They should probably have called
The Informers 'the film where
Amber Heard spends most of her screentime naked' - which would be true, much more relevant to the film than the actual title, and immediately draws attention to pretty much the only good thing about it. More people would have been likely to see it, at least.
Set in the early 80s in Los Angeles, a center of debauchery and useless, feckless people, with the looming shadow of AIDS beginning to take its toll, this film is one of those that follows various characters and in the end you find out that they are all linked somehow. Here, however, the linkages are very loose. almost to the stage of not needing to exist at all, and we're left with very small slices of life that usually don't really tell us anything. There's a set of scenes in Hawaii, for example, that are almost entirely divorced from the rest of the film. There's a side-plot about some child abductors which is very peripheral to the other stories. And some scenes don't seem to have any purpose at all (notably, the newsreader in the cafe laughed at, for no good reason, by a support band. What was that all about?) The few things that are vaguely interesting (the movie being made with an alien giant tomato, so silly it is actually enlivening) don't really finish up anywhere either.

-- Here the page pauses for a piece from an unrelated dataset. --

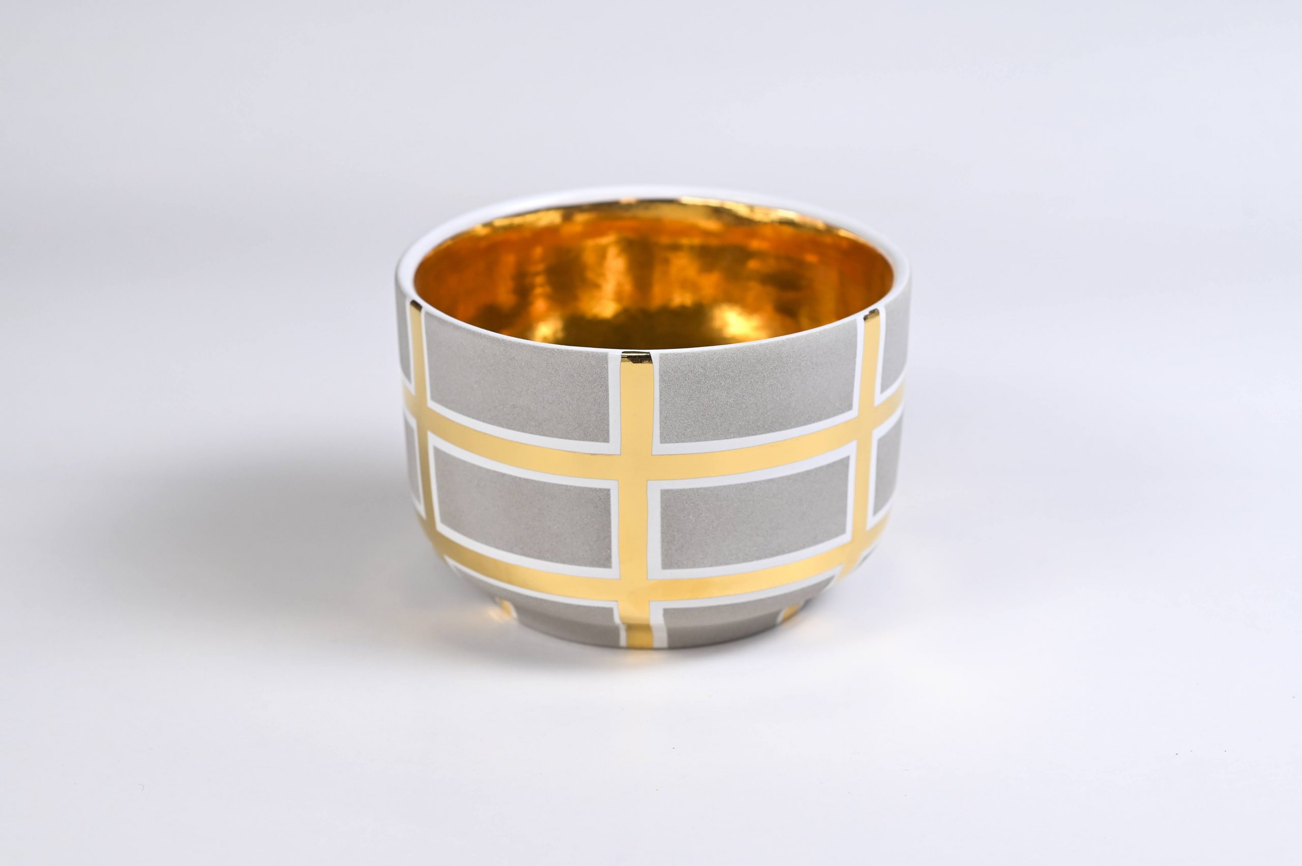 Handcrafted of signature ultra matte glazes on stoneware or porcelain with 22k gold details.

Pretty much every character is so useless and so self-absorbed that we don't care less about them, and when they end up in a more miserable situation than they started with we don't really mind. Dreadful people have dreadful things happen to them, yeah, ok, whatever.
Amber Heard plays one of the vaguely tolerable characters in the film, though her character is using her beauty to coast by in life and isn't exactly achieving, so she's far from a moral paragon either. There is something quite poignant about her being the one to succumb first to AIDS though, given the far more dreadful people around her. Certainly she gives a better performance - clothed and not clothed - than most of the cast surrounding her.
Billy Bob Thornton is ok but doesn't exactly have a gripping storyline - all he has to do is try to navigate a tedious affair and his tedious children.
Kim Basinger fares worse - all she has to do is look concerned or annoyed at various points.
Winona Ryder also has little to do bar look mousey, and sit in a cafe in the pointless scene mentioned above.
Special Agent Chester Desmond... err, ok,
Chris Isaak is in the pointless Hawaii interlude - he's ok, but his mannerisms are the same as ever and it doesn't seem he's needing to do a lot of actual acting.
Mickey Rourke is wasted as a loser child-abductor - he exudes menace, but little else. The late
Brad Renfro is ok as a vaguely neurotic character who he manages to avoid being deeply irritating, which isn't a bad achievement. Then there are lots and lots of various interchangable young men, one of whom is ostensibly the lead, but none of them make much of an impression except in the regular outbursts of stilted or downright poor acting.
As a final note - this was based on a book, which apparently had vampires in it. Yes, vampires. If you're unfamiliar with the book, you can have a bit of fun watching this and trying to work out where you'd insert vampires, and what they'd do. Combine that with Amber's plentiful nudity, and you probably won't be too bored watching this film, though not for exactly the right reasons!
It has star power and a naked Amber Heard. It also has quite a lot of bad acting, an aimless and unstructured plot, and far too many characters you mostly don't give two hoots about. Sadly, the negatives rather outweigh the positives. 3.5 out of 10.